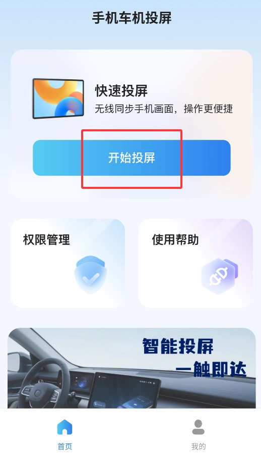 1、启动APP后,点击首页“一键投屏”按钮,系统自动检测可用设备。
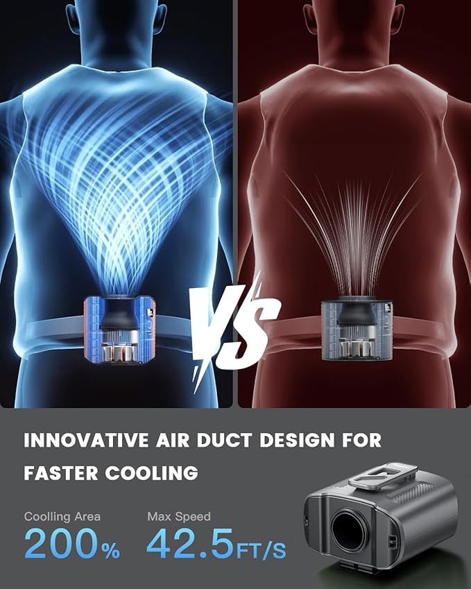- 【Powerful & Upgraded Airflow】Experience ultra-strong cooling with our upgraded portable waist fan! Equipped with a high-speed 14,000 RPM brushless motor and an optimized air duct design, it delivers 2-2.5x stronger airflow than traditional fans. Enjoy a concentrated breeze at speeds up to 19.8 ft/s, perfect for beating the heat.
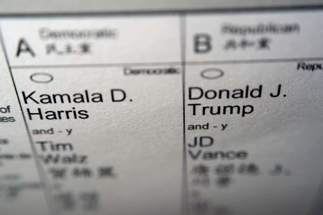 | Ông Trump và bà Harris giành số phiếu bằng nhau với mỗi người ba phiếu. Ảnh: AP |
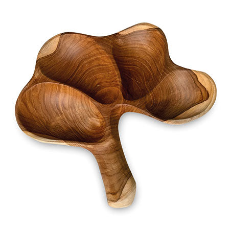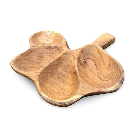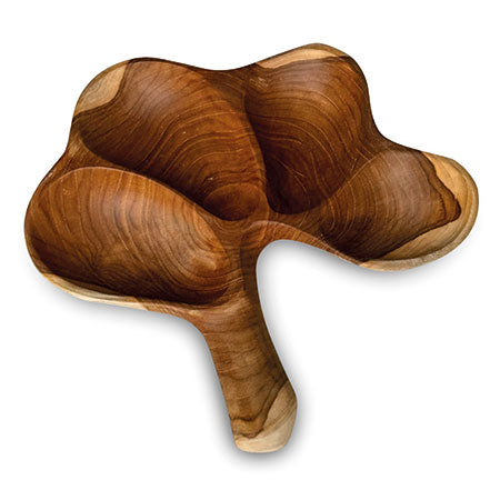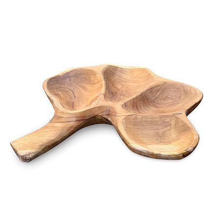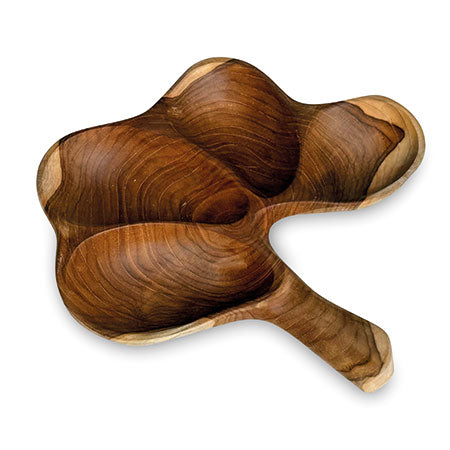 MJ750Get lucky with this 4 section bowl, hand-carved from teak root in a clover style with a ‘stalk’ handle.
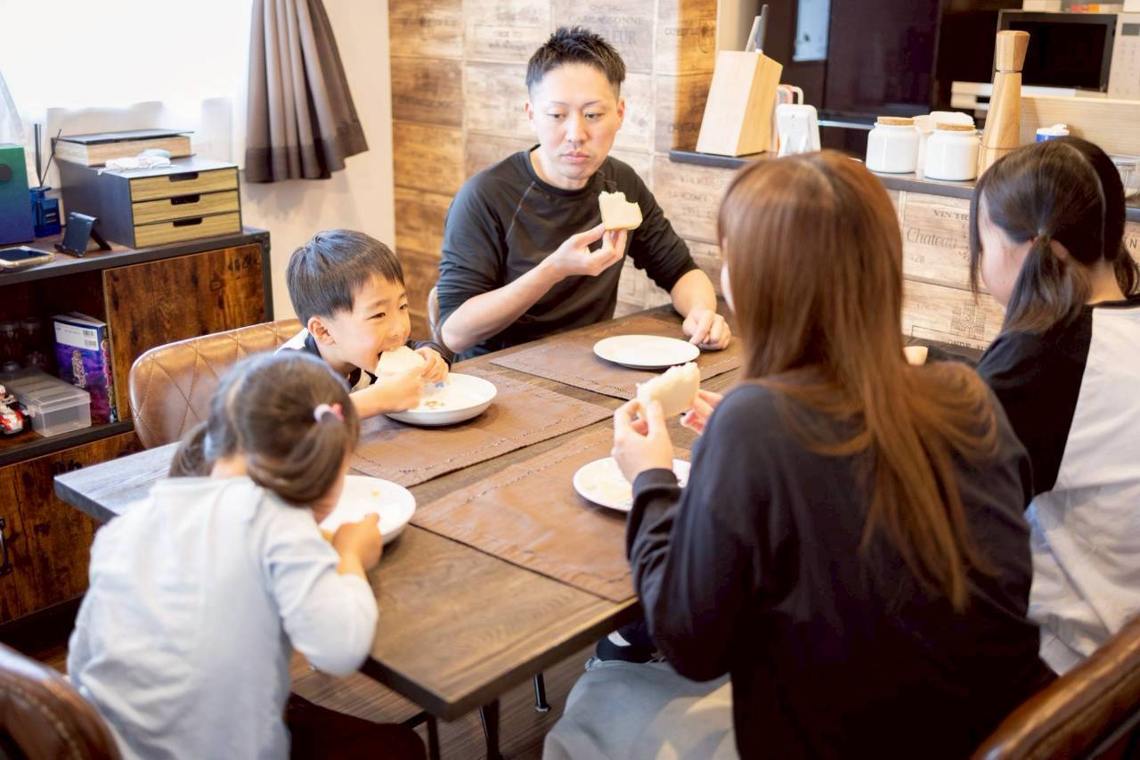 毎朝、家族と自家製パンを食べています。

> Activity
Output only the lines running from the line with "phiếu. Ảnh: AP |" through the last line of the entries above, inclusive, with pictures excluded.

> Completed task
 | Ông Trump và bà Harris giành số phiếu bằng nhau với mỗi người ba phiếu. Ảnh: AP |
 MJ750Get lucky with this 4 section bowl, hand-carved from teak root in a clover style with a ‘stalk’ handle.
 毎朝、家族と自家製パンを食べています。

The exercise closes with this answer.